▶ [The task] The result should be an exact copy of every record, with no pictures kept.
*** Dataset ***
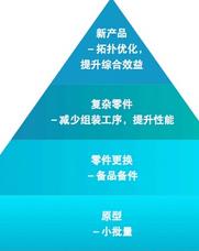 而通常在談到增材製造的時候,不論是製造業還是增材製造行業本身都容易過於關注生產效益,而忽略了綜合效益。而增材製造的價值台階:原型與模具,備品備件,複雜零件,創新產品,在不同的台階中生產效益的價值或許相似,然而綜合效益的價值卻是隨著台階的升高而越來越大。
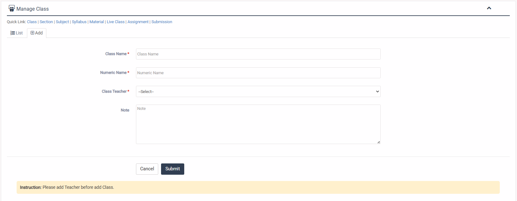 1. Login to System Admin Panel. 2. Select Class menu under Academin main menu from left side bar. 3. To Add/Create new Class click Add Class tab. 4. To Edit Class Click Edit button in the Class list. 5. To Delete Class Click Delete button in the Class List. 6. You are done with Manage Class feature. Instruction: Please add Teacher before add Class.
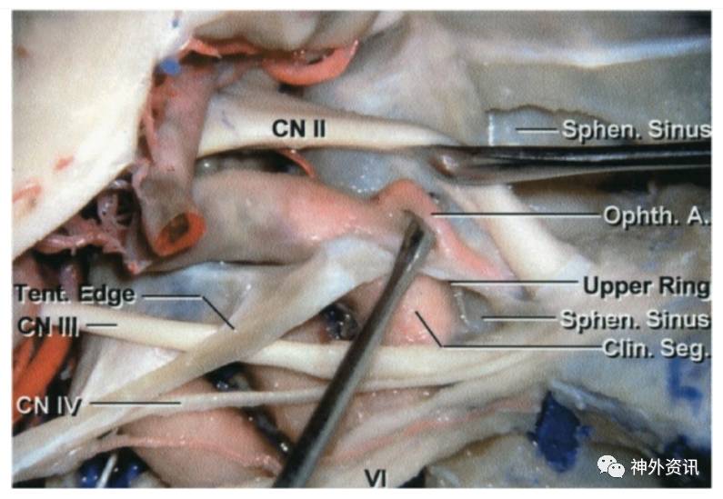 图2. 右侧颈内动脉的侧面观,图中已磨除前床突和海绵窦硬膜层。可见眼动脉位置,通常隐藏在视神经和前床突下方。颈内动脉眼段起始于硬膜远环(上环)终于后交通动脉起始处(图中不可见)(本图右AL Rhoton,Jr提供)
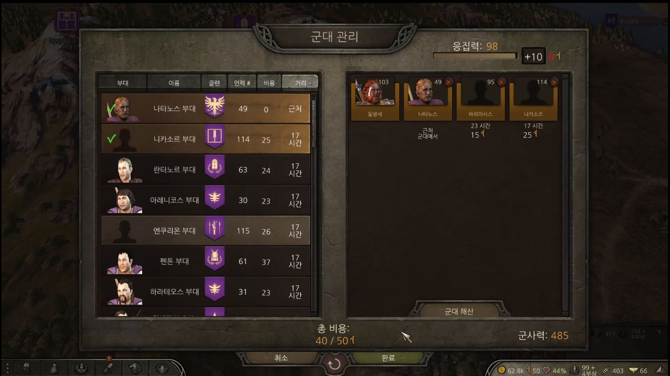 형제에게 부대를 창설하게 만든뒤 군대를 창설해 같이 다니면 병력수가 150~200이 유지가 됩니다.
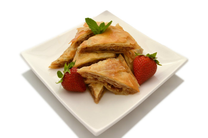 This classic Greek dessert features phyllo dough, spices, honey, and walnuts.
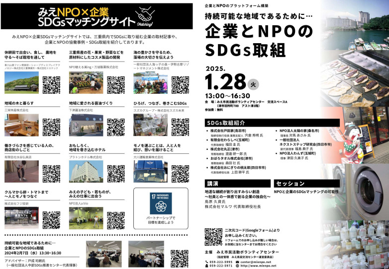 みえ市民活動ボランティアセンター様主催のイベント「企業とNPOのSDGs取組2024~持続可能な地域であるために…」に参加させて頂きました。
***
▶ [Exercise solution]
 而通常在談到增材製造的時候,不論是製造業還是增材製造行業本身都容易過於關注生產效益,而忽略了綜合效益。而增材製造的價值台階:原型與模具,備品備件,複雜零件,創新產品,在不同的台階中生產效益的價值或許相似,然而綜合效益的價值卻是隨著台階的升高而越來越大。
 1. Login to System Admin Panel. 2. Select Class menu under Academin main menu from left side bar. 3. To Add/Create new Class click Add Class tab. 4. To Edit Class Click Edit button in the Class list. 5. To Delete Class Click Delete button in the Class List. 6. You are done with Manage Class feature. Instruction: Please add Teacher before add Class.
 图2. 右侧颈内动脉的侧面观,图中已磨除前床突和海绵窦硬膜层。可见眼动脉位置,通常隐藏在视神经和前床突下方。颈内动脉眼段起始于硬膜远环(上环)终于后交通动脉起始处(图中不可见)(本图右AL Rhoton,Jr提供)
 형제에게 부대를 창설하게 만든뒤 군대를 창설해 같이 다니면 병력수가 150~200이 유지가 됩니다.
 This classic Greek dessert features phyllo dough, spices, honey, and walnuts.
 みえ市民活動ボランティアセンター様主催のイベント「企業とNPOのSDGs取組2024~持続可能な地域であるために…」に参加させて頂きました。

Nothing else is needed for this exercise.